On that day, Yang Xiong, a risk and regulatory business manager at PwC China, will bring a theme sharing on "High - risk Areas for Chinese Enterprises' Overseas Expansion and One - stop Overseas Compliance Operations".

The following is the content of Yang Xiong's speech, edited by 36Kr:

Good afternoon, dear guests! When it comes to PwC, you may first think of fiscal and tax services, but actually our consulting business also has a wide coverage. The risk and regulatory team I'm in is an important part of it.

In previous years, our core business was to help foreign - funded enterprises enter China and deal with local regulatory challenges. After the pandemic, more and more Chinese enterprises have shifted from "going in" to "going up" - expanding their influence overseas, increasing investment and local - level construction, which has also shifted our work focus to "assisting Chinese enterprises in overseas expansion". Currently, 80% - 90% of our clients are overseas - expanding enterprises in fields such as trendy toys, tea drinks, intelligent manufacturing, and new energy vehicle manufacturers. We have deeply felt the compliance and risk challenges they face in the process of globalization.

Today, I'd like to focus on the compliance risks of data and new technologies and talk about how enterprises should respond to them in overseas expansion with practical cases.

I. Tightening Global Regulations: Data and New Technologies Become the "First Threshold" for Overseas Expansion

After the EU's GDPR came into effect in 2018, more than 80% of countries around the world have introduced data and security protection regulations. China has the "Personal Information Protection Law" and the "Data Security Law", and the United States, Brazil, and Southeast Asian countries also have their own regulatory requirements. Behind this "global legislative wave" is the consensus among countries on the strategic value of data: data is not only the core of technological innovation but also an important support for national development and people's well - being.
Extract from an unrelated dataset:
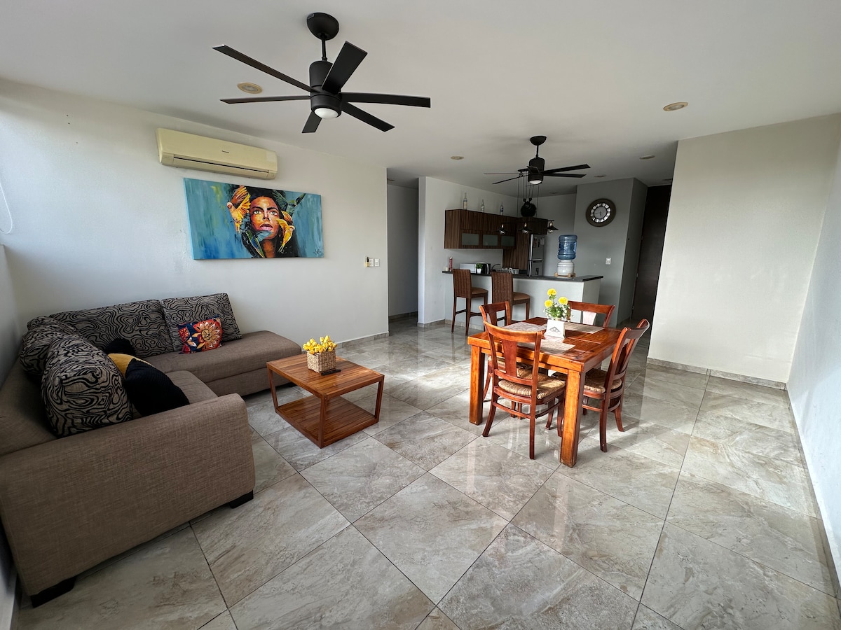 Ubicado en planta alta el Depto Cuenta con sofácama en la sala, un comedor con cuatro sillas, la cocina cuenta con refrigerador, estufa, platos, vasos, tazas, cubiertos, jabón para platos, horno de microondas, utensilios de cocina, sartén, etc; en la habitación cuenta con una cama matrimonial con su juego de sábanas, un buró, televisión con Pluto TV, aire acondicionado y un baño completo con closet vestidor.
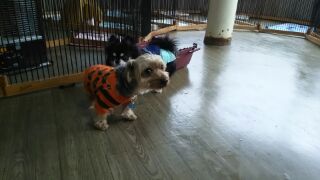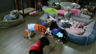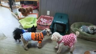 まだパピーのパールくんは凄く甘えん坊♪ スタッフを見付けて駆け寄ってきたり、撫でて撫でてをしたりしています。 前回は緊張している感じでしたが、今回は他のわんちゃんにもすぐに寄っていき遊んでいます。

For enterprises, this means they must answer a key question during overseas expansion: Can data flow freely when operating in multiple countries? For example, can the Chinese headquarters collect the operation data, user information, and product data of overseas subsidiaries? The answer depends on local regulations:

The EU has set strict "adequacy assessments" for "data outbound transfer". Non - EEA or non - white - listed countries need to pass a cross - border data risk assessment to receive data;

The executive order issued by the United States in April this year for the first time restricted data transactions of specific data types from specific countries. Violations may result in criminal liability (including imprisonment);

The data compliance legislation in Southeast Asia and South America is gradually improving, and detailed requirements for the application of new technologies such as artificial intelligence have also been successively issued.

This "regional difference" requires enterprises to formulate differentiated compliance strategies according to the legislative models and political characteristics of different markets. Otherwise, the ineffective return of data will affect the headquarters' overall planning of global business, and illegal data transmission may lead to sky - high fines or even business suspension.

II. New Technology Regulations: "Compliance Minefields" from Artificial Intelligence to Daily Applications

In addition to data, the regulatory differences in new technologies are even more worthy of attention. China has strict requirements for artificial intelligence, such as algorithm filing and large - model filing, while the regulatory logics of other countries have different focuses. There are both "full - category regulations" covering generative and non - generative AI and "precise control" targeting specific technologies such as OCR and face recognition.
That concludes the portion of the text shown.